The author discusses in details policy features required to decrease emissions in the USA.
Chapter 14. Plans B
Chapter 14 completes the response story with a discussion of “Plan B” strategies that allow the world to respond to a climate changing from either human or natural causes—adaptation, which will happen, and geoengineering, which could be deployed in extremis. Here are the key points that the author makes about adaptation:
- Adaptation is agnostic. Humans have been successfully adapting to changes in climate for millennia, and for most of that time, they did so without the foggiest notion of what (besides the vengeful gods) might be causing them. Thus, while the information we have now will help guide adaptation strategies, society can adapt to climate changes caused by natural phenomena or by human influences.
- Adaptation is proportional. Modest initial measures can be bolstered as and if the climate changes more.

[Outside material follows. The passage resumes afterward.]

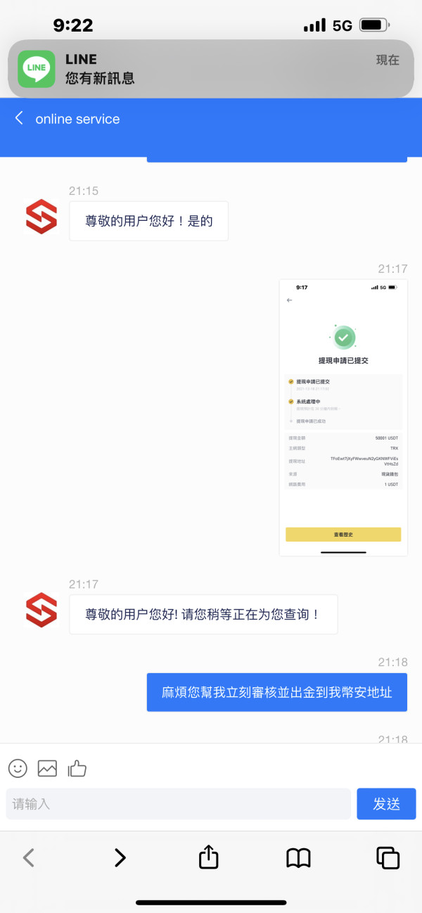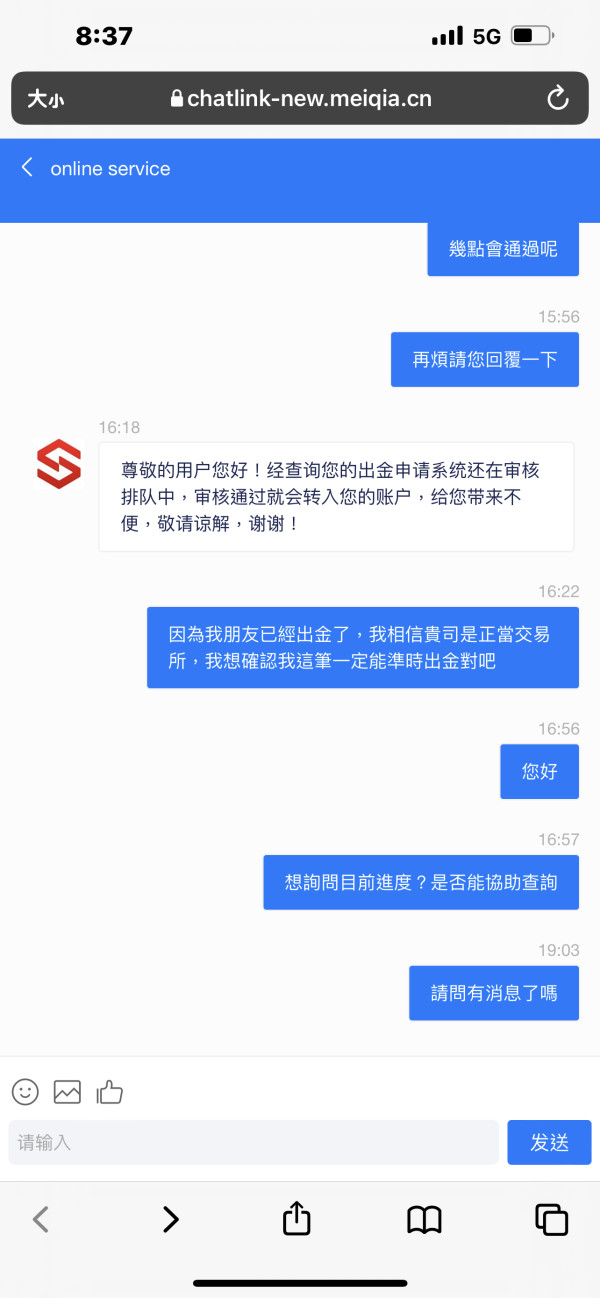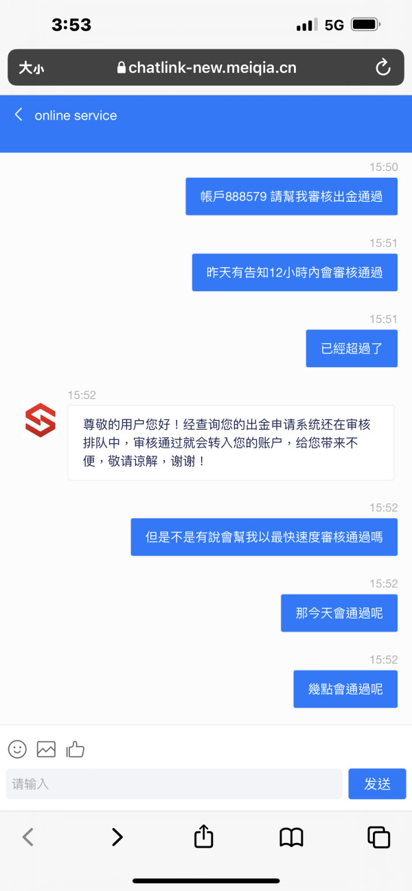 繳納完成後,出金審核從10分鐘變30分鐘再變12小時,連一開始說最慢24小時內會出金都已超過,後來客服就再也未給予任何回覆,要求拿回申請出金之金額!

- Adaptation is local. Adaptation is naturally tailored to the different needs and priorities of different populations and locations. This also makes it more politically feasible. Spending for the “here and now” (e.g., flood control for a local river) is far more palatable than spending to counter a vague and uncertain threat thousands of miles and two generations away. Further, local adaptation does not require the global consensus, commitment, and coordination that have proved so far elusive in mitigation efforts.
- Adaptation is autonomous. It is what societies do, and have been doing, since humanity first formed them—the Dutch, for example, have been building and improving dikes for centuries to claim land from the North Sea. Adaptation will happen on its own, whether we plan for it or not.
- Adaptation is effective. Societies have thrived in environments ranging from the Arctic to the Tropics. Adapting to a changing climate always acts to reduce net impacts from what they would be otherwise—after all, we wouldn’t change society to make things worse!
The author provides a very nice and information-intensive graph for future handling of emissions:

Closing Thoughts
In the end, the author discusses the reasons for writing this book, its descriptive rather than prescriptive character, and his belief that climate science needs improvement. He also suggests increase research into possible measures in case of unexpected climate emergencies such as geoengineering.
MY TAKE ON IT:
I like this book a lot because of its no-nonsense approach and the wealth of data presented in an easily digestible format. I also believe that humans impact the climate, and so do ants, chickens, volcanos, asteroids, and many more factors, either living or not. However, about the issue of the scale of such impact, I believe it is moderate. It creates no real danger to existence and prosperity of humanity unless the excretable part of this humanity – the global elite succeed in imposing unreasonable restriction on energy consumption and life for everybody else. Nevertheless, I am optimistic and believe that when people start feeling this impact on their wellbeing, they will respond; hopefully, they do it peacefully and use the democratic process to bring power crazies to the heel.